* WORK INSTRUCTION *
The expected result is a word-for-word copy of the entries, minus any pictures.

[Dataset excerpts]
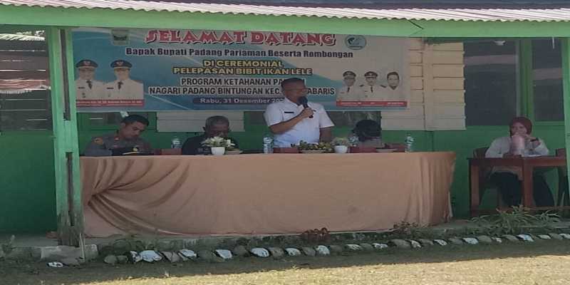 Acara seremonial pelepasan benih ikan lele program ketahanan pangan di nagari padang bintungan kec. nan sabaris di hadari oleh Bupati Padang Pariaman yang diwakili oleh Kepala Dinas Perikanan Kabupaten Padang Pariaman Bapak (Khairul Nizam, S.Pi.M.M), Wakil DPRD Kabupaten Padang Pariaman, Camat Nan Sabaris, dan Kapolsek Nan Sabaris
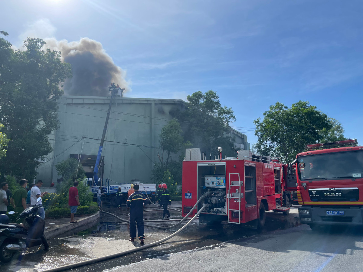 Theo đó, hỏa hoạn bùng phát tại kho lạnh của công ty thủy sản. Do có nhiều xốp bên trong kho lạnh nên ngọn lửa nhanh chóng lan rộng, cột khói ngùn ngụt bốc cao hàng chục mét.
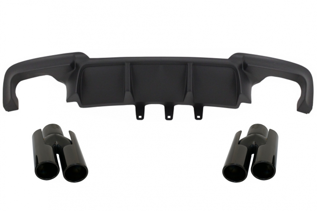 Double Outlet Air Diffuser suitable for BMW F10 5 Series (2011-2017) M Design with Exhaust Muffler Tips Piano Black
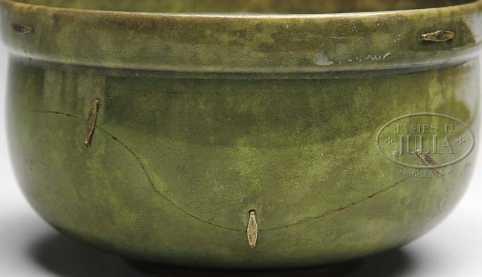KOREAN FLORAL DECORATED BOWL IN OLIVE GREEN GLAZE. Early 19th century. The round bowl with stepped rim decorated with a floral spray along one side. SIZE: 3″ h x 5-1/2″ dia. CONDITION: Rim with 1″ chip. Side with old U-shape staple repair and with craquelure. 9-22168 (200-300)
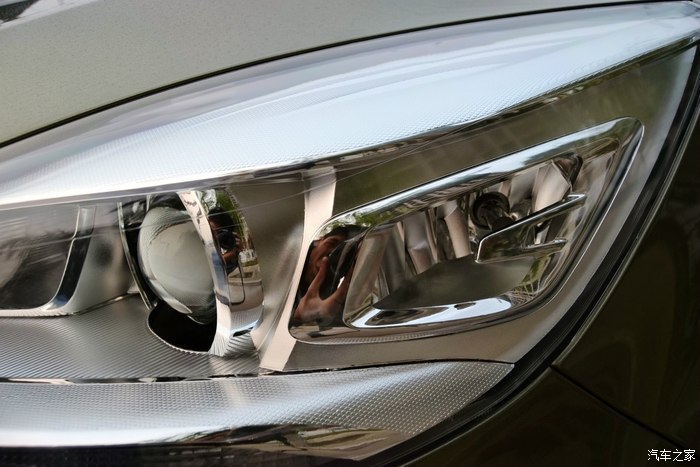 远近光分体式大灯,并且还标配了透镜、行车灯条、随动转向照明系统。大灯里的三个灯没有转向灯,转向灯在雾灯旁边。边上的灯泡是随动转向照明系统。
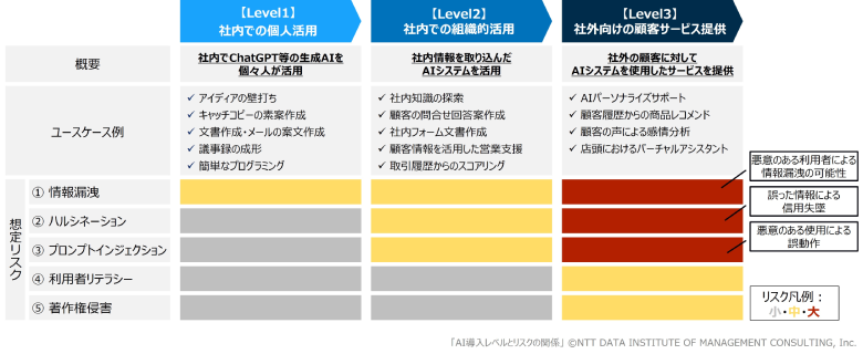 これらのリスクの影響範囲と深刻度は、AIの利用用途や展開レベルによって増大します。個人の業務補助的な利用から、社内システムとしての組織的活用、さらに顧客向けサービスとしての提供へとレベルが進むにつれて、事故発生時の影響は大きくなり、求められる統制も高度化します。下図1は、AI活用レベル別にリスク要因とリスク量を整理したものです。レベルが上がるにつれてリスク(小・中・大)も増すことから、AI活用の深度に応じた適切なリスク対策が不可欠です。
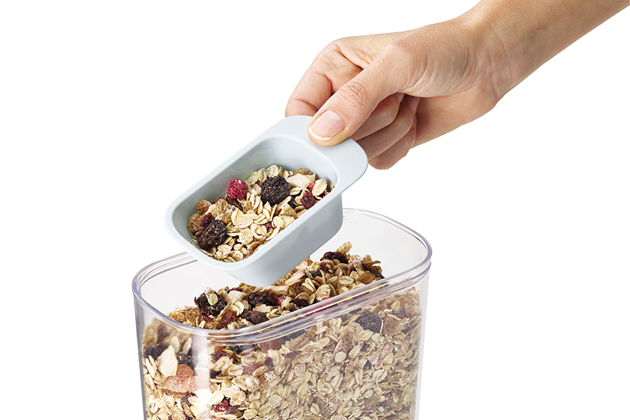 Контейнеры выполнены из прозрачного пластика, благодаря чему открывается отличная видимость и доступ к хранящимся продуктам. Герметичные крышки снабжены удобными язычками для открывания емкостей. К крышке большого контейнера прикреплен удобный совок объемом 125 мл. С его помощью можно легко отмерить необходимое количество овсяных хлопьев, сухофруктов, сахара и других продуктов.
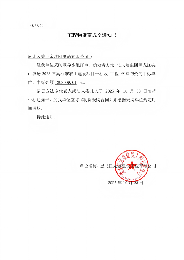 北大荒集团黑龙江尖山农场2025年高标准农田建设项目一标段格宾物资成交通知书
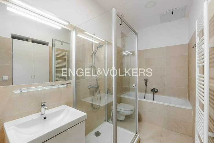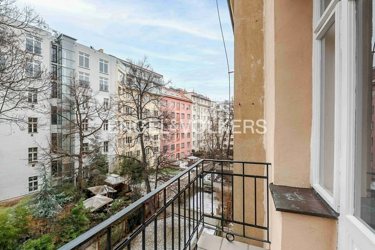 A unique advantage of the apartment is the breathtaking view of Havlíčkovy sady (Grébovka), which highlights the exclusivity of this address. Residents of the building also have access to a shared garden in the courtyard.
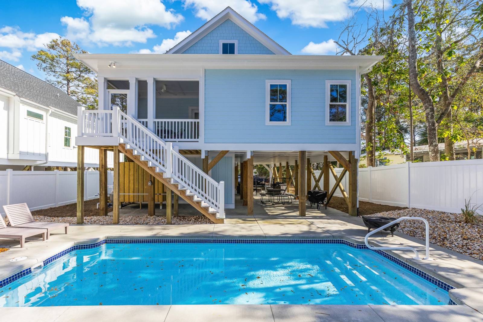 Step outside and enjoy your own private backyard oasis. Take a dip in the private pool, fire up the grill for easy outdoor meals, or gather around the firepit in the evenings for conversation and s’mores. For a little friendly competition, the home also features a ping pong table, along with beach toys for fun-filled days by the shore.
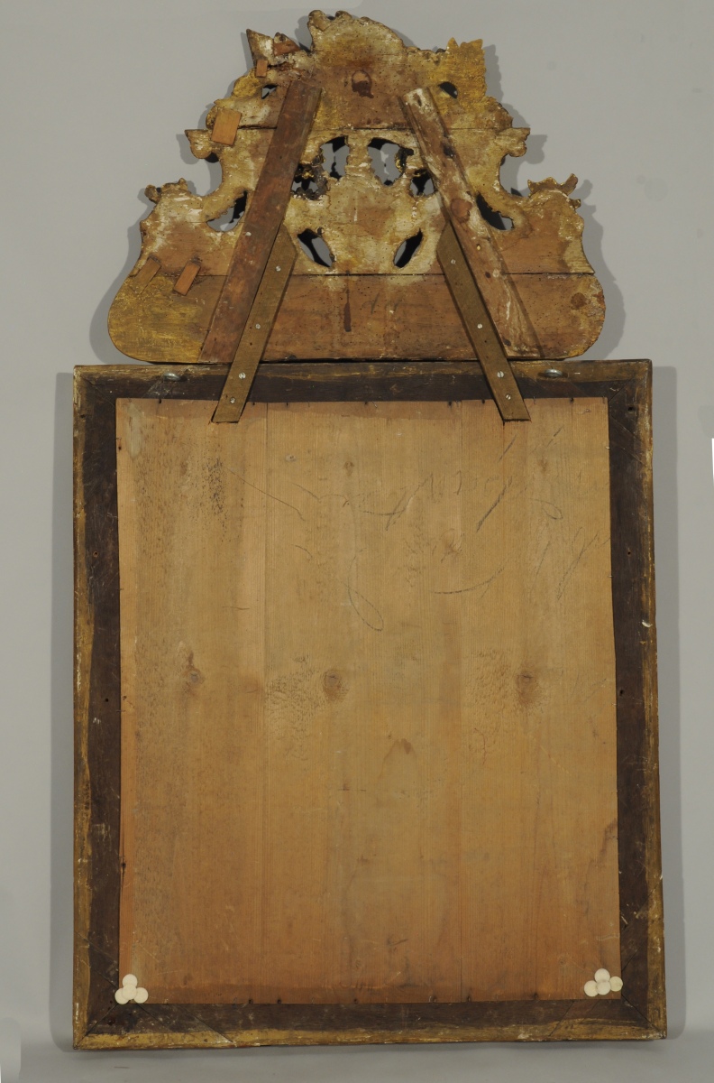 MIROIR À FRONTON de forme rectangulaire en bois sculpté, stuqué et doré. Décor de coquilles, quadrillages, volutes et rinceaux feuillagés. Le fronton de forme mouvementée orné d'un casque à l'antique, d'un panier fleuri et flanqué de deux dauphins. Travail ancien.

* RESPONSE *
 Acara seremonial pelepasan benih ikan lele program ketahanan pangan di nagari padang bintungan kec. nan sabaris di hadari oleh Bupati Padang Pariaman yang diwakili oleh Kepala Dinas Perikanan Kabupaten Padang Pariaman Bapak (Khairul Nizam, S.Pi.M.M), Wakil DPRD Kabupaten Padang Pariaman, Camat Nan Sabaris, dan Kapolsek Nan Sabaris
 Theo đó, hỏa hoạn bùng phát tại kho lạnh của công ty thủy sản. Do có nhiều xốp bên trong kho lạnh nên ngọn lửa nhanh chóng lan rộng, cột khói ngùn ngụt bốc cao hàng chục mét.
 Double Outlet Air Diffuser suitable for BMW F10 5 Series (2011-2017) M Design with Exhaust Muffler Tips Piano Black
KOREAN FLORAL DECORATED BOWL IN OLIVE GREEN GLAZE. Early 19th century. The round bowl with stepped rim decorated with a floral spray along one side. SIZE: 3″ h x 5-1/2″ dia. CONDITION: Rim with 1″ chip. Side with old U-shape staple repair and with craquelure. 9-22168 (200-300)
 远近光分体式大灯,并且还标配了透镜、行车灯条、随动转向照明系统。大灯里的三个灯没有转向灯,转向灯在雾灯旁边。边上的灯泡是随动转向照明系统。
 これらのリスクの影響範囲と深刻度は、AIの利用用途や展開レベルによって増大します。個人の業務補助的な利用から、社内システムとしての組織的活用、さらに顧客向けサービスとしての提供へとレベルが進むにつれて、事故発生時の影響は大きくなり、求められる統制も高度化します。下図1は、AI活用レベル別にリスク要因とリスク量を整理したものです。レベルが上がるにつれてリスク(小・中・大)も増すことから、AI活用の深度に応じた適切なリスク対策が不可欠です。
 Контейнеры выполнены из прозрачного пластика, благодаря чему открывается отличная видимость и доступ к хранящимся продуктам. Герметичные крышки снабжены удобными язычками для открывания емкостей. К крышке большого контейнера прикреплен удобный совок объемом 125 мл. С его помощью можно легко отмерить необходимое количество овсяных хлопьев, сухофруктов, сахара и других продуктов.
 北大荒集团黑龙江尖山农场2025年高标准农田建设项目一标段格宾物资成交通知书
 A unique advantage of the apartment is the breathtaking view of Havlíčkovy sady (Grébovka), which highlights the exclusivity of this address. Residents of the building also have access to a shared garden in the courtyard.
 Step outside and enjoy your own private backyard oasis. Take a dip in the private pool, fire up the grill for easy outdoor meals, or gather around the firepit in the evenings for conversation and s’mores. For a little friendly competition, the home also features a ping pong table, along with beach toys for fun-filled days by the shore.
 MIROIR À FRONTON de forme rectangulaire en bois sculpté, stuqué et doré. Décor de coquilles, quadrillages, volutes et rinceaux feuillagés. Le fronton de forme mouvementée orné d'un casque à l'antique, d'un panier fleuri et flanqué de deux dauphins. Travail ancien.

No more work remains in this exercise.